Cosmos itself isn't new; it's NVIDIA's platform for accelerating AI development, and it's integrated into all kinds of frameworks like TensorRT, the CUDA Deep Neural Network (CuDNN) library, the company's graphics drivers, and so on. It exists at just about every level of the software development stack to ensure high-performance, optimized routines that are custom-built for NVIDIA's AI hardware. What's new is the first wave of physics-based simulation and synthetic data generation. It's a high-powered way to train models that will do things in the real world, like drive cars and automate warehouses. 

nvidia cosmos real world
NVIDIA says Cosmos will drive fast advancements in robotics, too

NVIDIA has created a library of ready-to-go open diffusion and autoregressive transformer models to generate video using proper physics. That last part is really, really important when it comes to training models so that cars can drive themselves and not mangle pedestrians, or warehouse robots can drive forklifts and not run into other vehicles or take out walls. Being able to generate video for models to be trained on and knowing that the physics are based in the real world means you're not poisoning a model before it ever gets off the ground. 

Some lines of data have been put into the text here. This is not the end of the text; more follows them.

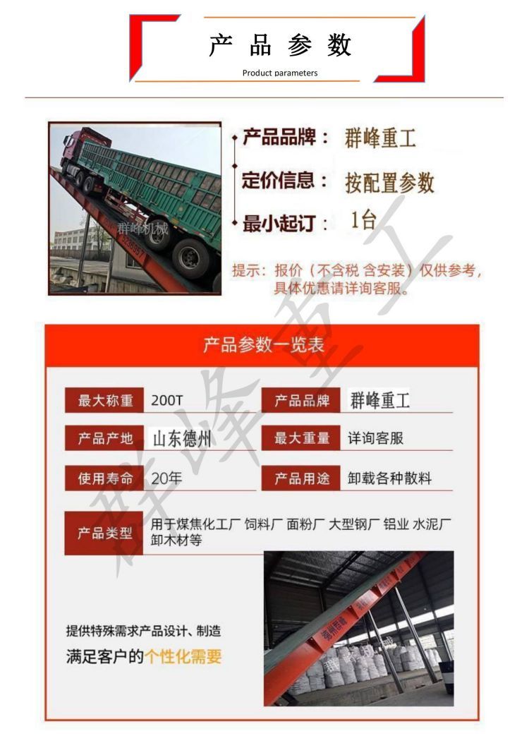 食品液壓卸車機(jī)散糧翻板卸車平臺群峰重工定制 |
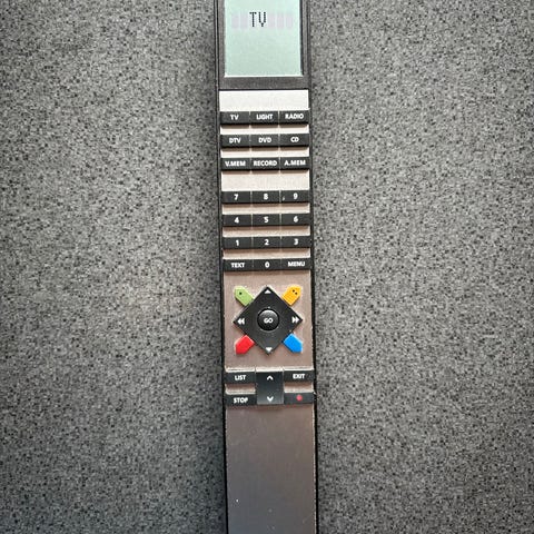 Bang & Olufsen Beo4 fjernbetjening. Klassisk B&O universalfjernbetjening med display øverst og numeriske taster. Fjernbetjeningen har dedikerede knapper til tv, radio, sat, dvd og andre funktioner samt navigationskryds med farvede funktionsknapper. Egnet til styring af kompatible Bang & Olufsen tv- og lydsystemer.
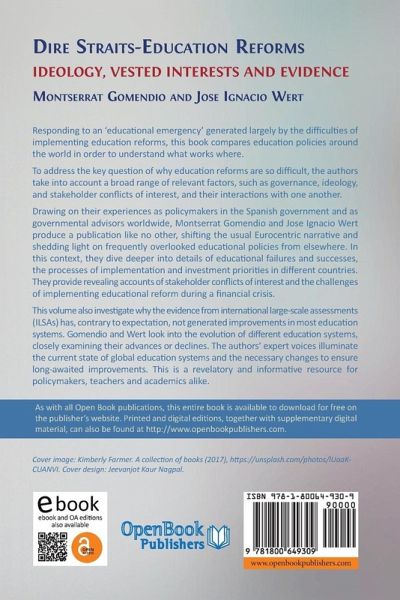 Responding to an 'educational emergency' generated largely by the difficulties of implementing education reforms, this book compares education policies around the world in order to understand what works where. To address the key question of why education reforms are so difficult, the authors take into account a broad range of relevant factors, such as governance, ideology, and stakeholder conflicts of interest, and their interactions with one another. Drawing on their experiences as policymakers in the Spanish government and as governmental advisors worldwide, Montserrat Gomendio and Jose Ignacio Wert produce a publication like no other, shifting the usual Eurocentric narrative and shedding light on frequently overlooked educational policies from elsewhere. In this context, they dive deeper into details of educational failures and successes, the processes of implementation and investment priorities in different countries. They provide revealing accounts of stakeholder conflicts of interest and the challenges of implementing educational reform during a financial crisis. The authors also investigate why the evidence from international large-scale assessments (ILSAs) has, contrary to expectation, not generated improvements in most education systems. Gomendio and Wert investigate the evolution of different education systems, closely examining their advances or declines. Gomendio and Wert's expert voices illuminate the current state of global education systems and the necessary changes to ensure long-awaited improvements. This is a revelatory and informative resource for policymakers, teachers and academics alike.
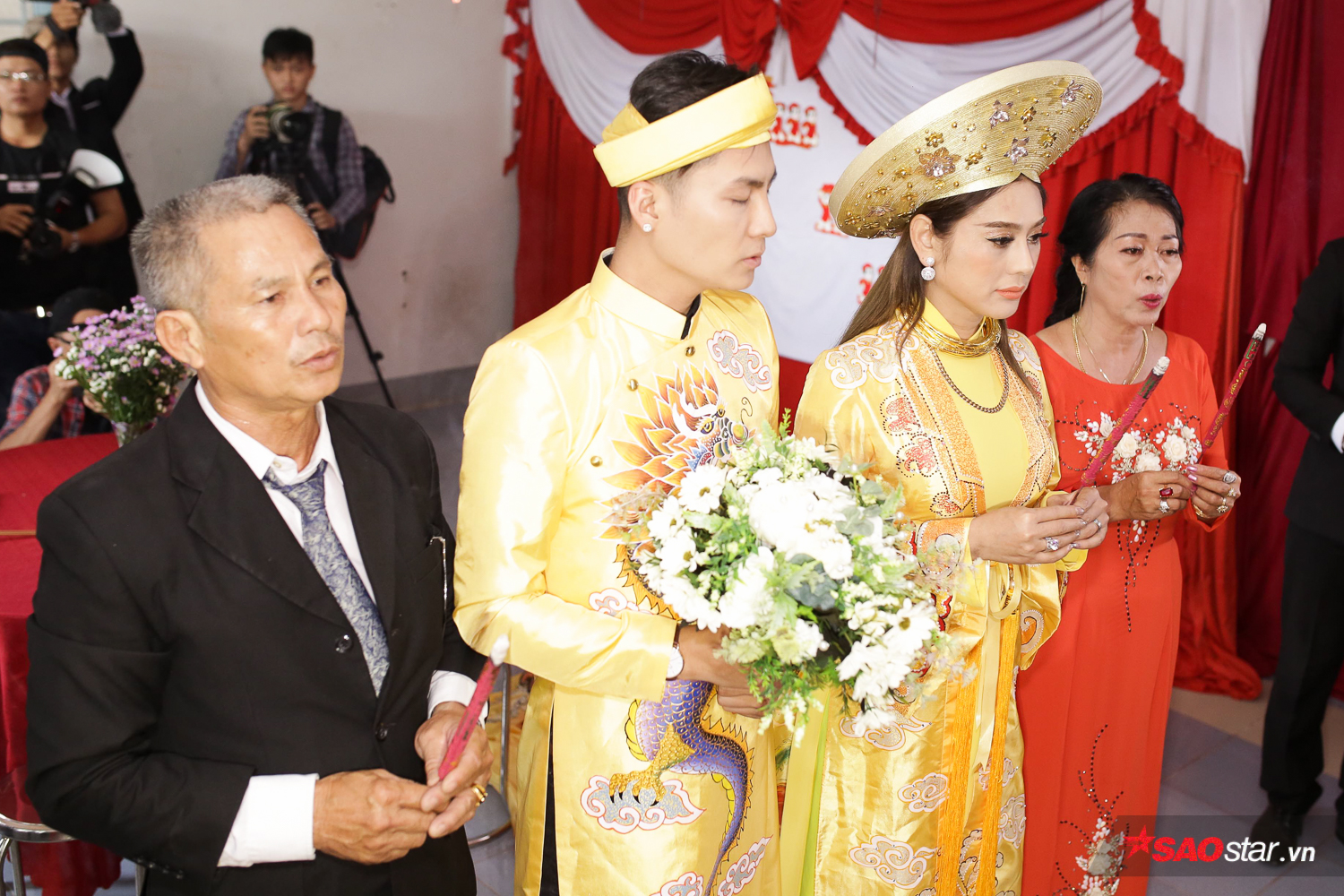 Lâm Khánh Chi và ông xã Phi Hùng thực hiện lễ vái gia tiên tại nhà riêng.

Cosmos models have been trained on more 9 quadrillion (that's a 9 followed by twelve zeroes) tokens from over 20 million hours of video encompassing human interactions, environmental data, driving data, and more. NVIDIA is releasing three flavors of its different Cosmos models: Nano, Super, and Ultra. Nano is for edge deployment on storage-sensitive and low-latency devices. Super models (the AI variety, not Heidi Klum) are meant for building high-quality reference models. And finally, Ultra is for the highest fidelity and are, by NVIDIA's recommendation, best for distilling custom AI models. 

nvidia cosmos robotics
NVIDIA's Cosmos generates data for videos like this for training robotics

NVIDIA has released the foundational models under the company's Open Model License Agreement. The company says Cosmos models were developed with NVIDIA's Trustworthy AI principles, including non-discrimination, privacy, safety, and transparency. The models include Cosmos Guardrails, a suite of models that work to mitigate harmful text and image inputs during preprocessing and training, and generates videos for review during post processing. Like the models themselves, developers are free to add further safety enhancements, as well. 

Convert Training Data to Training Video With Omniverse

NVIDIA reckons that when paired with its Omniverse Platform -- used for three-dimensional scene descriptions -- Cosmos open models can create entire worlds in video form, on which new models can be trained, all without having to go through a manual process of setting up and recording scenarios.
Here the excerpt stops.